To rearrange it, the presentation of hand-brewed coffee is:

(1) the first formula: water injection, the meaning is the integrity of the overall coffee particle concentration, the strength of the flavor is determined here.

(2) the second formula: laying water means the release of coffee particles on the surface.

(3) the third trick: to flood, adjust the concentration, taste stacking and continuous monitoring is based on this stage as the watershed.

A key point has been revealed above. Finally, I will help you sort out the characteristics of the four filter cups that have been analyzed. There is a chart on the next page that can clearly distinguish the advantages and disadvantages of each filter cup.

Why did you choose these four filter cups?

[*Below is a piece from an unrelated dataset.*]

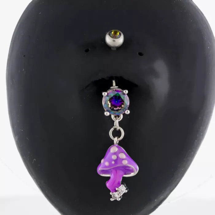 14G 3/8 5MM TOP GEM BALL AND 8MM BOTTOM BALL WITH PURPLE MUSHROOM WITH CLEAR GEMS

The reason is very simple. Apart from the fact that they are all classic and representative filter cups, easy to buy and high exposure are also the key to selection, so that interested people can obtain these filter cups without difficulty. Users who already have filter cups but do not know much about the functions of filter cups can also try to take a look at the testing methods of the training center, and the results are compared with the previous hand-punching methods. Whether we can make a new spark and get a different result from the original.

The vertical axis represents the intensity of the taste of the imported coffee, while the horizontal axis represents the persistence of the taste and taste, representing the area felt by the tongue, from left to right, from the tip of the tongue to the root of the tongue. The characteristics represented by the four filter cups can be seen more clearly from the chart.

The performance is the most balanced, both the extension of the taste and the intensity of the entrance are very good.

On the other hand, the entrance is strong, the stamina is weak, and the taste can not last long.

You can't get any bargains, and the performance in all aspects is not outstanding.

The proper presentation of Sanyo filter cup is also a good choice. Green vegetables and radishes have their own preferences. An objective analysis of the function of the filter cup and its appearance is one of the ideas of the training center. No further comments or suggestions are made, but the purpose is to sum up the function of each filter cup. The key point is to allow users to measure their budget and taste preferences to choose the filter cup.